Ongoing stock market uncertainty and rising US interest rates will further reduce investor demand for Hong Kong real estate this year.
- The value of prime real estate in Hong Kong will fall by 15% in 2016
- Market volatility and the rise of US interest rates will dampen investor sentiment throughout the rest of the year
- Hong Kong’s property sector is currently experiencing its lowest sale volumes for a quarter of a century
It’s already been a tough start to the year for Hong Kong’s property market, but it would appear to be just a sign of things to come.
The price of prime residential real estate is anticipated to fall 15% by the end of 2016, according to the latest briefing report from Savills World Research. December’s rise by the US Federal Reserve in its base rate of interest, coupled with the continued volatility of Asia’s biggest stock markets, has quashed investor appetite for luxury property in the city and naturally impacted on the market’s performance.

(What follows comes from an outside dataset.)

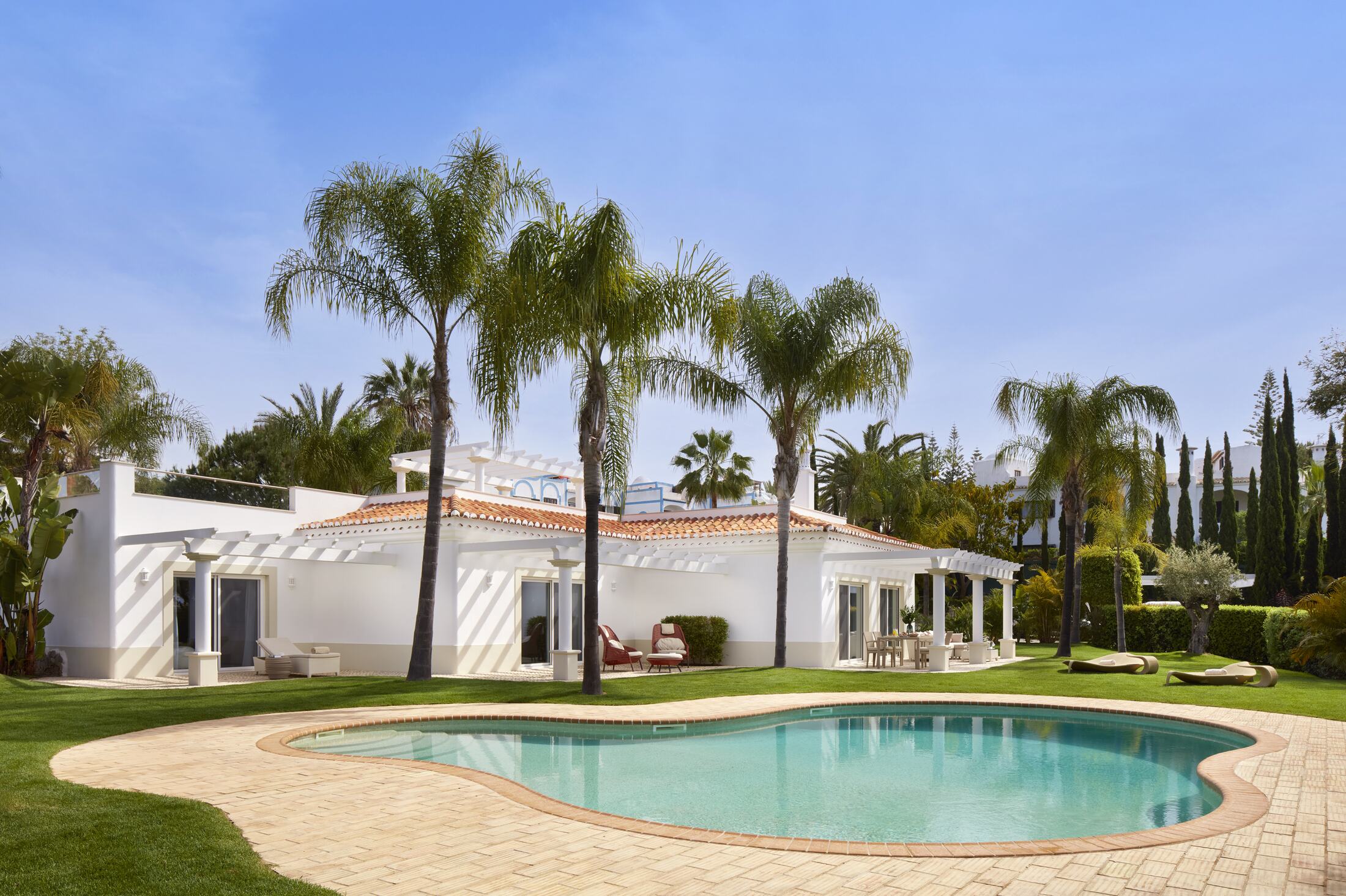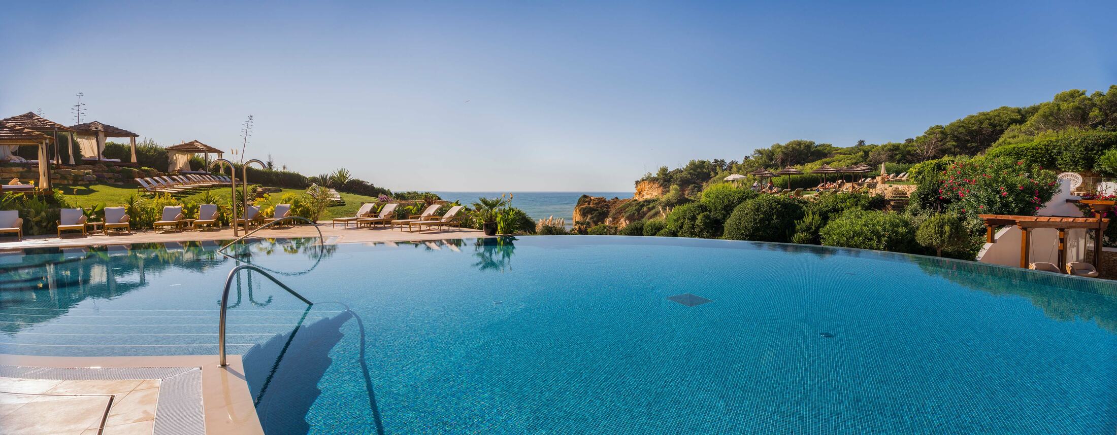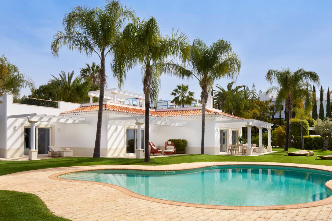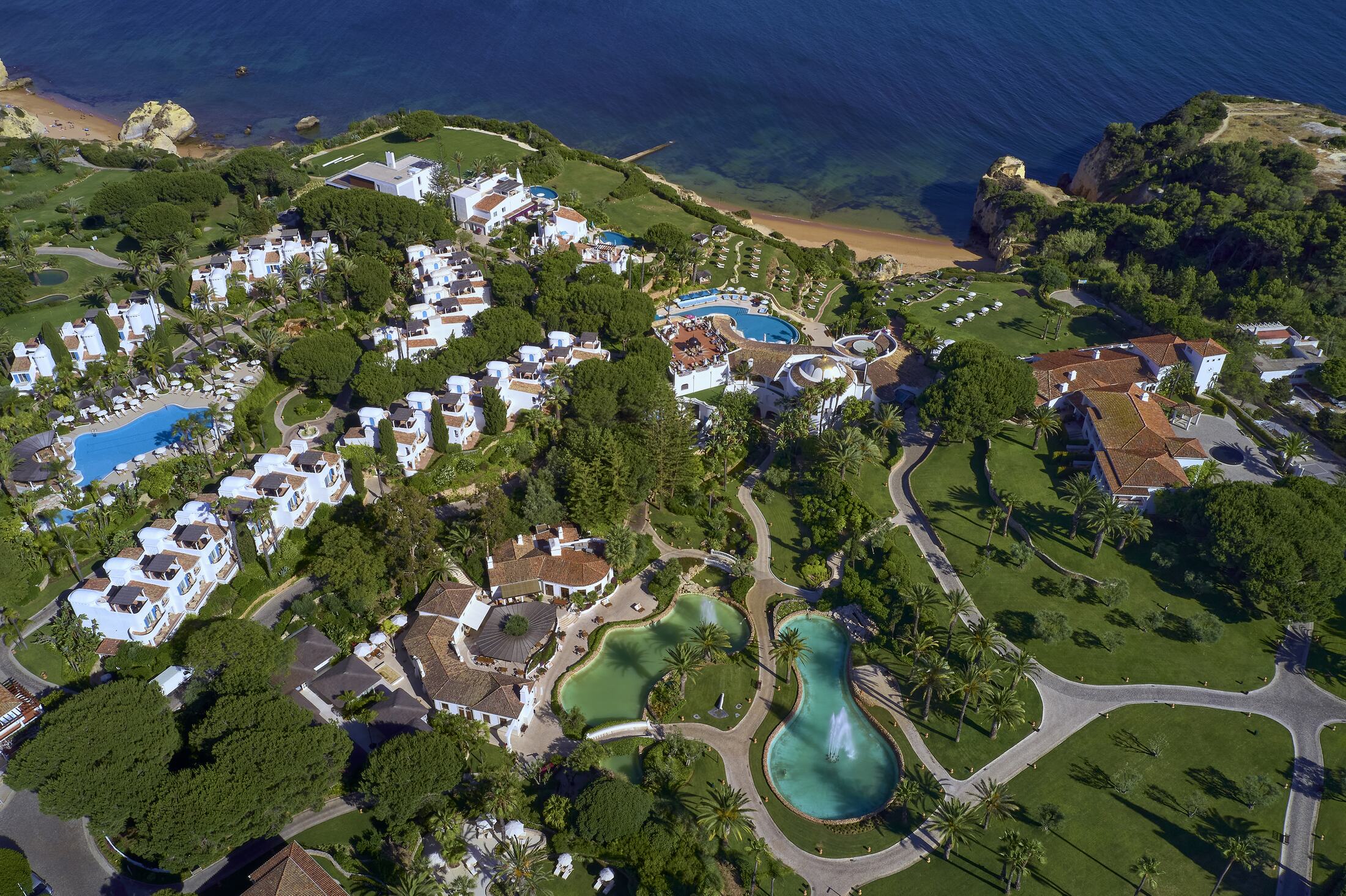 Vila Vita Parc Resort & Spa — это один из самых известных пятизвёздочных курортов Португалии, расположенный на побережье Атлантического океана в Алгарве, в районе Porches/Alporchinhos. Курорт занимает 22 гектара тропических садов и парковых территорий, что создаёт ощущение уединённой, зелёной оазисной территории прямо у океана. Архитектурный стиль отеля отражает мавританские влияния и характерную для Алгарве эстетику, сочетающую белоснежные фасады, терракотовые крыши, арки и цветочные акценты. При этом дизайн интерьеров — современный, элегантный и функциональный, с использованием натуральных материалов, высококлассной мебели и авторских деталей. Курорт широко известен своей разнообразной инфраструктурой: от просторных номеров и вилл с видом на океан до многочисленных ресторанов, спа-центра, активных спортивных и развлекательных зон. Здесь удачно сочетаются атмосфера роскоши, семейный отдых, романтика и деловые возможности, обеспечивая высокий уровень сервиса и персонализированный подход к гостю.

The report outlines: “With investment sentiment dwindling, and few market highlights, many purchasers held off making investment decisions. This, coupled with the increasing number of newly completed luxury units being made available for lease amid declining rents, caused some potential purchasers to switch to the leasing market to avoid uncertainties over the next one to two years.”
Earlier this month new sales data showed that Hong Kong is currently experiencing its slowest transactional period for 25 years, with sales in February plummeting by 70% compared with the same period 12 months previous.
Instead many of the region’s investors have turned to those overseas property markets that can deliver the high returns and stability they are currently seeking. Huge imbalances in the levels of supply and demand are currently driving huge capital growth for property investors in the UK, with households and investors in every British region reporting rises in the value of their assets in March.